Using the data that follows, output only the lines from the line with "forward diffusion process" up to and including the line with "① 国内BtoB SaaSの平均月次解約率(カスタマーチャーンレート)は3.01%", exactly, leaving pictures aside.

* [Source material]:
※

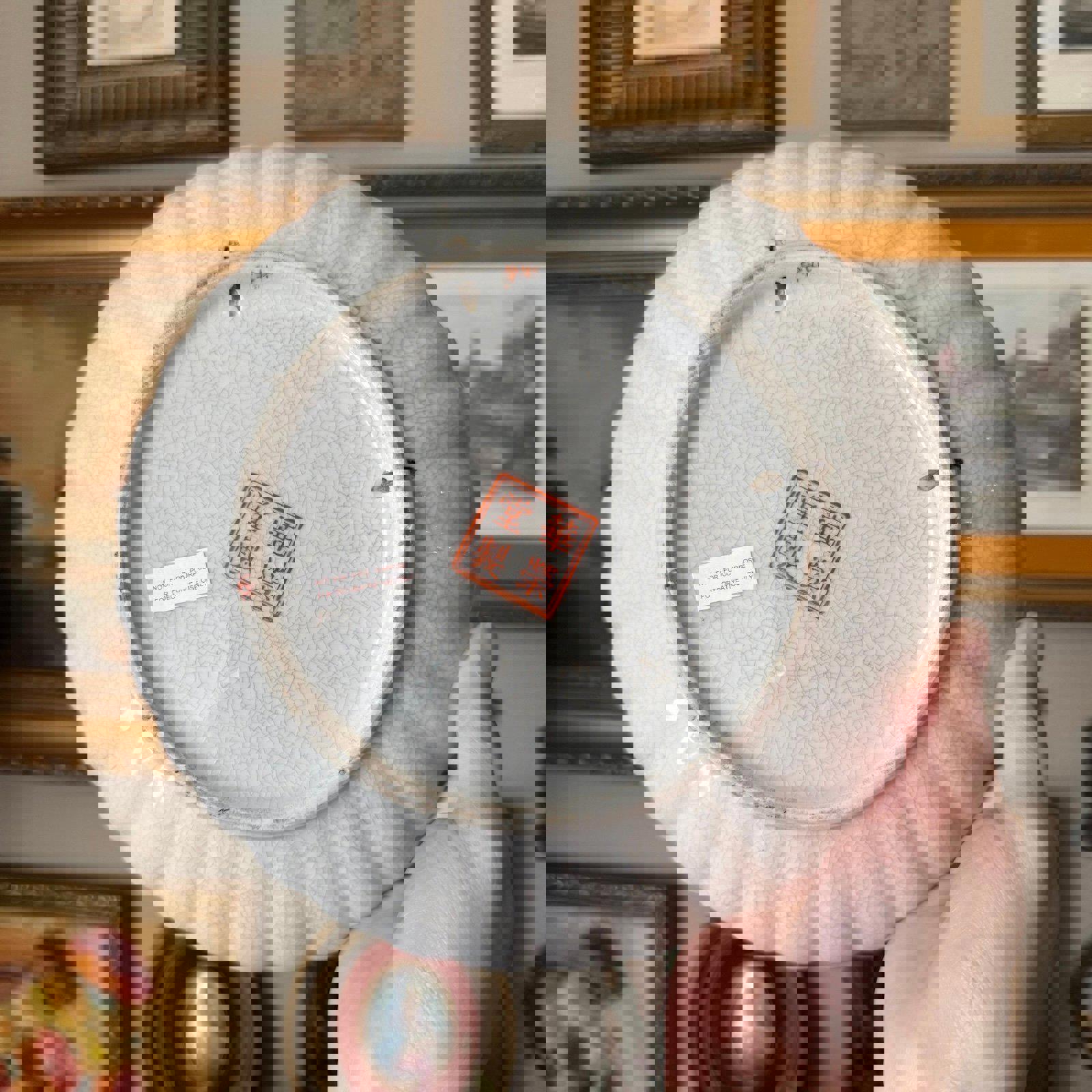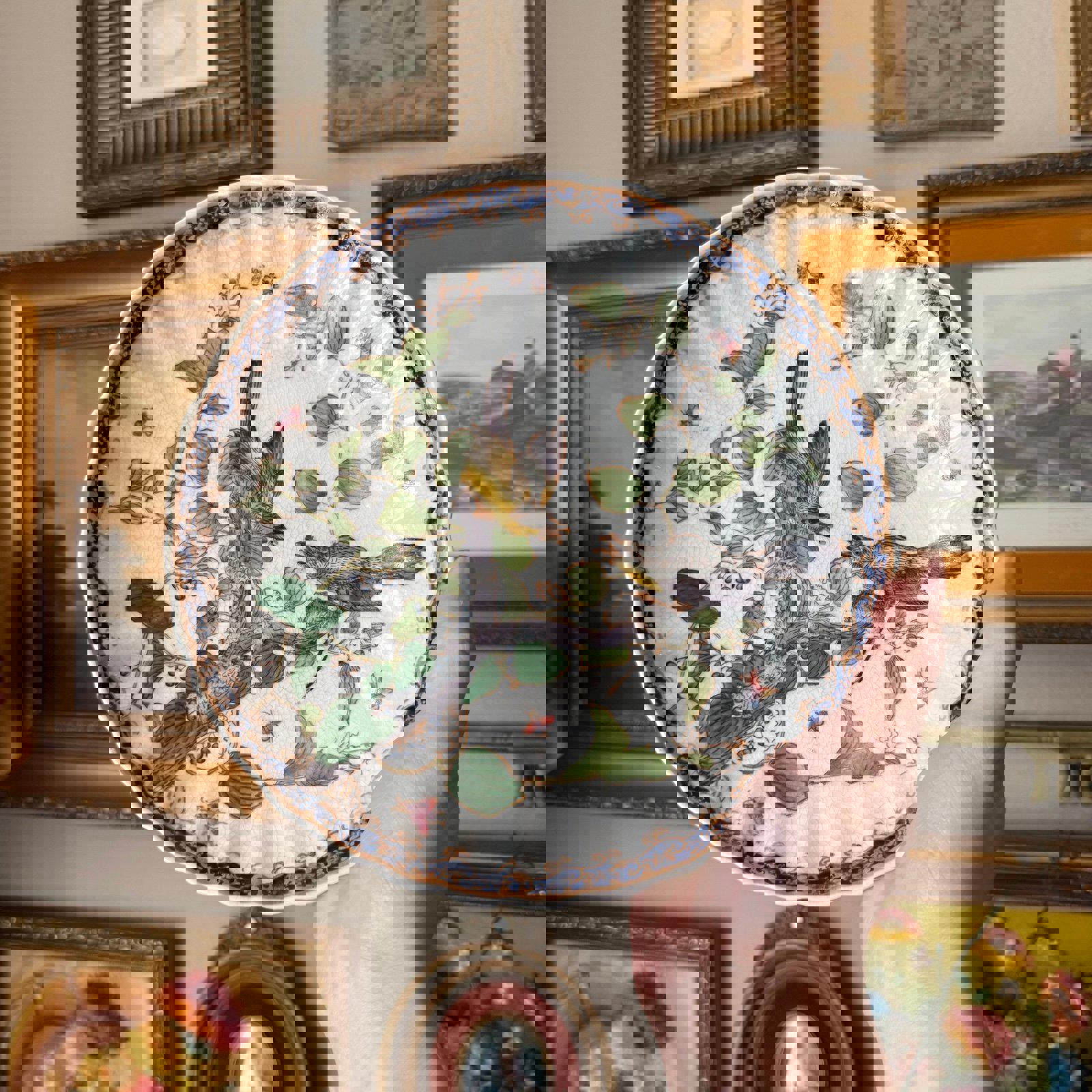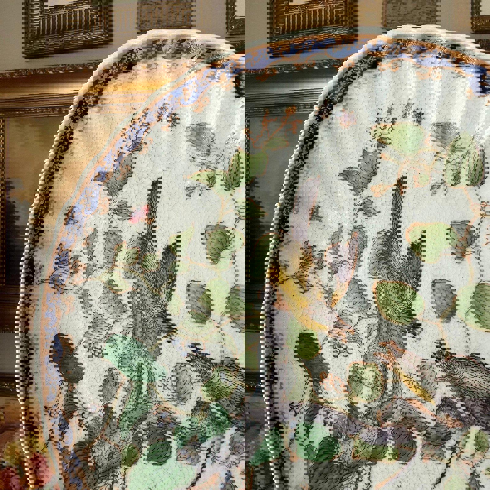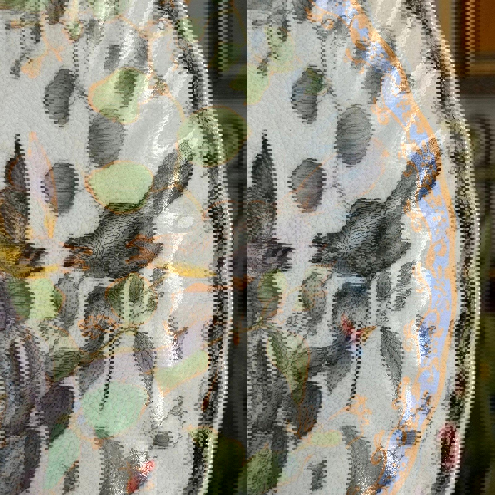 Famille verte-inspired or chinoiserie-style bird and botanical motif with scalloped edges
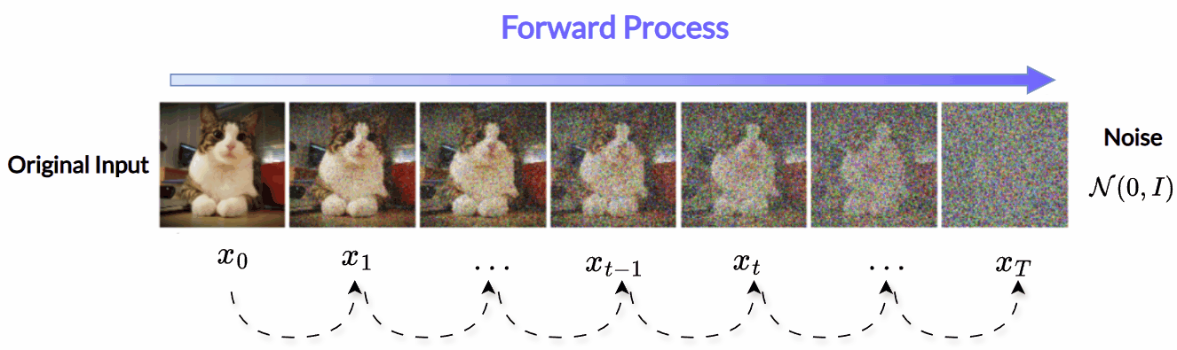 \[q(x_{t-1} \mid x_{t}, x_0) = \frac{q(x_t \mid x_{t-1}, x_0)q(x_{t-1} \mid x_0)}{q(x_t \mid x_0)}\]Step 2: The forward diffusion process
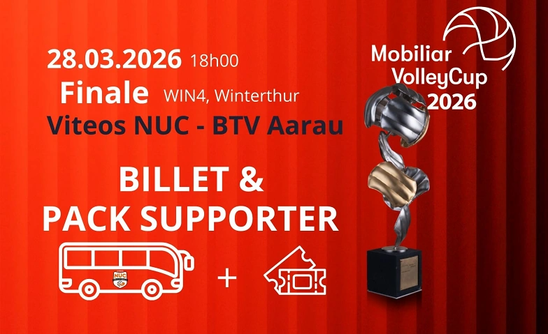 Le 28 mars prochain, à 18h00, aura lieu la Finale de la Mobilière Volley Cup 2026, à l'AXA Arena WIN4 de Winterthur. Le Viteos NUC affrontera l'équipe leader de LNB, le BTV Aarau!
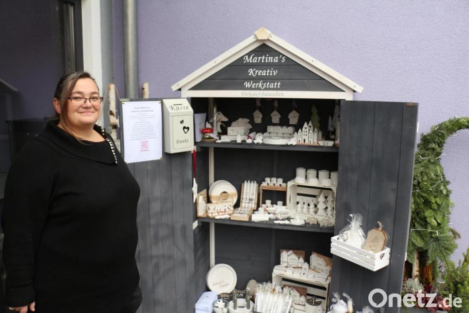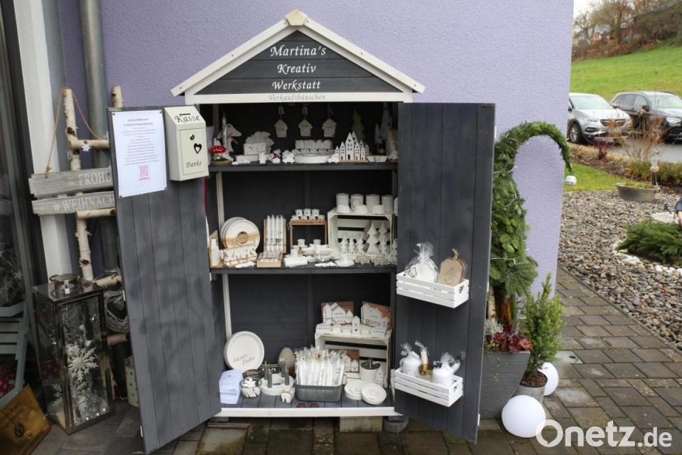 Mit ihrem Mann Claus hat sie nun vor ihrem Haus in der Hosleite ein Verkaufshäuschen aufgebaut, in der eilige Kunden zwölf Stunden am Tag Geschenkartikel erwerben können. Alles in Selbstbedienung – von der Auswahl des gewünschten Stücks bis hin zur Bezahlung. Momentan ist das Häuschen überwiegend mit Dekoartikeln für die Weihnachtszeit und den Winter bestückt. Doch es finden sich auch Sachen, die das ganze Jahr über in der Wohnung stehen bleiben können. Diese sind in Kombination aus Holz und Raysin mit Sinnsprüchen gehalten. "Besonders beliebt sind die Hausornamente", verrät die Künstlerin.
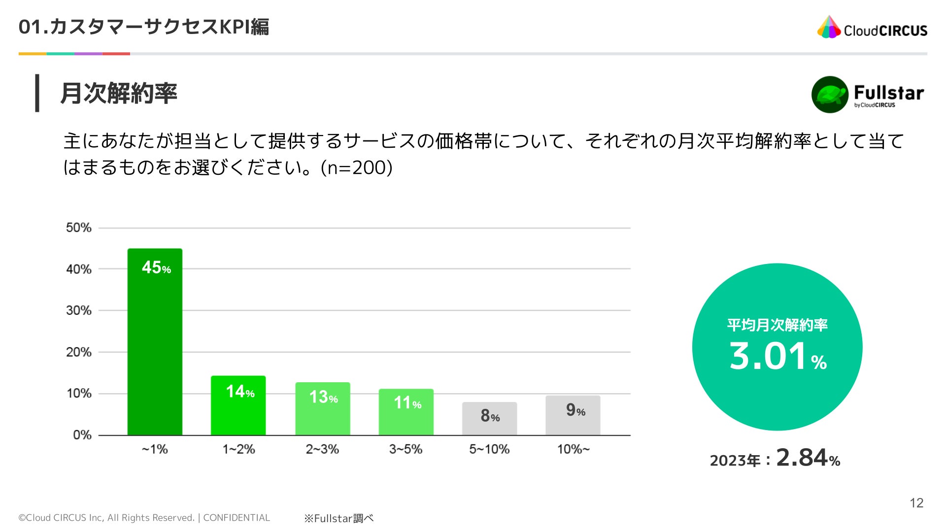 ① 国内BtoB SaaSの平均月次解約率(カスタマーチャーンレート)は3.01%
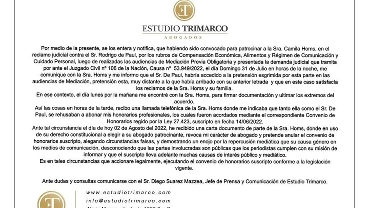 "En ese contexto, el día lunes por la mañana me encontré con la Sra. Homs para firmar documentación y ultimar los extremos del acuerdo. Así las cosas, en horas de la tarde, recibo una llamada telefónica de la Sra. Homs donde me indicaba que, tanto ella como el Sr. De Paul, se rehusaban a abonar mis honorarios profesionales, los cuales fueron acordados mediante el correspondiente Convenio de Honorarios regido por la Ley 27.423, suscripto en fecha 14/06/2022", agrega el comunicado.
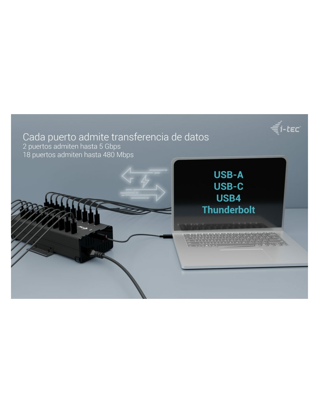 Este moderno HUB ofrece 20 USB-C con funcionalidad Plug & Play y hasta 15 W de carga por puerto. Con 20 puertos USB, el HUB puede cargar hasta 20 dispositivos a la vez.
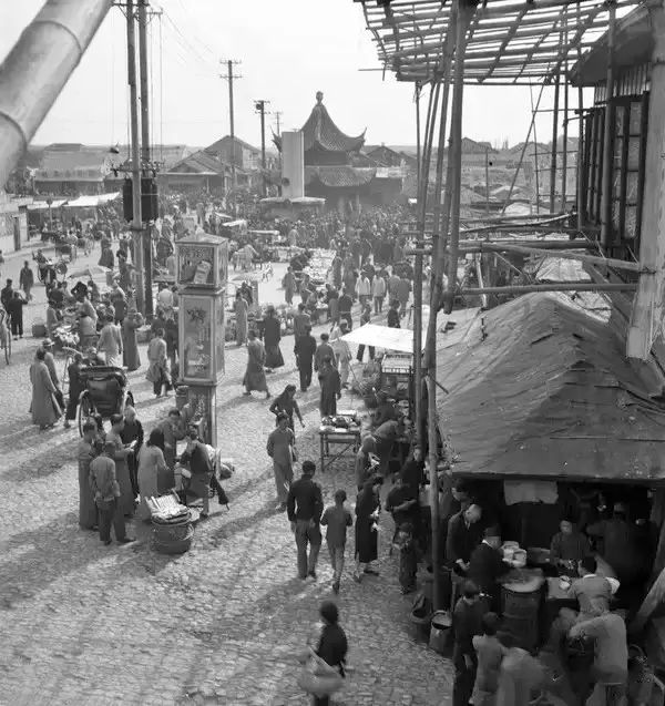 1940年代, 南京,夫子廟大成殿前的人群。海達·莫理循/攝 。
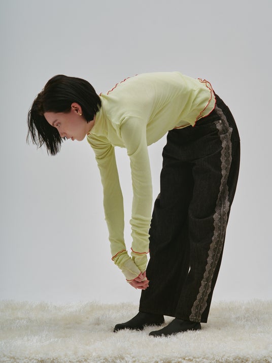 Comfortable decorationをテーマに軽さや肌触りを重視した着心地の良い素材を使用し、気分が上がるような装飾性を持ち合わせたアイテムを提案します。 リサイクルマテリアルを使用した軽量のシャギー素材のアウターや、抜染によって柄を描いたデニムシリーズなど、この秋冬一押しのアイテムが揃いました。
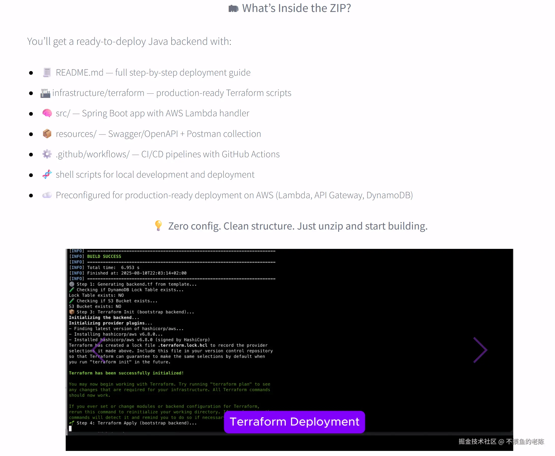 Template Hero是一款后端启动套件,集成了Spring Boot、AWS Lambda、DynamoDB、CI/CD和Terraform。
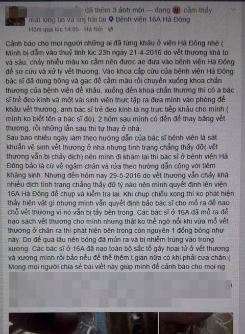 Theo thông tin chia sẻ của chủ tài khoản Facebook Hải A, khoảng 23h ngày 21/4/2016 anh giẫm phải mảnh thủy tinh, do vết thương khá to và sâu, chảy nhiều máu không cầm nên anh được đưa vào bệnh viện Hà Đông để sơ cứu và xử lý vết thương.
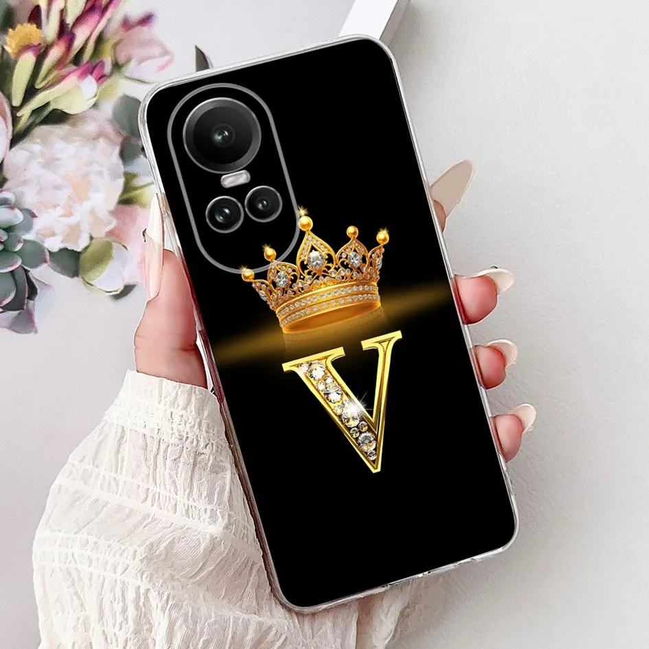 Comprar Para Oppo Reno10 Pro funda CPH2525 cubierta de lujo corona letras fundas de teléfono de silicona suave para OPPO Reno 10 CPH2531 Reno10 5G carcasa

※

* [Exercise response]:
 \[q(x_{t-1} \mid x_{t}, x_0) = \frac{q(x_t \mid x_{t-1}, x_0)q(x_{t-1} \mid x_0)}{q(x_t \mid x_0)}\]Step 2: The forward diffusion process
 Le 28 mars prochain, à 18h00, aura lieu la Finale de la Mobilière Volley Cup 2026, à l'AXA Arena WIN4 de Winterthur. Le Viteos NUC affrontera l'équipe leader de LNB, le BTV Aarau!
 Mit ihrem Mann Claus hat sie nun vor ihrem Haus in der Hosleite ein Verkaufshäuschen aufgebaut, in der eilige Kunden zwölf Stunden am Tag Geschenkartikel erwerben können. Alles in Selbstbedienung – von der Auswahl des gewünschten Stücks bis hin zur Bezahlung. Momentan ist das Häuschen überwiegend mit Dekoartikeln für die Weihnachtszeit und den Winter bestückt. Doch es finden sich auch Sachen, die das ganze Jahr über in der Wohnung stehen bleiben können. Diese sind in Kombination aus Holz und Raysin mit Sinnsprüchen gehalten. "Besonders beliebt sind die Hausornamente", verrät die Künstlerin.
 ① 国内BtoB SaaSの平均月次解約率(カスタマーチャーンレート)は3.01%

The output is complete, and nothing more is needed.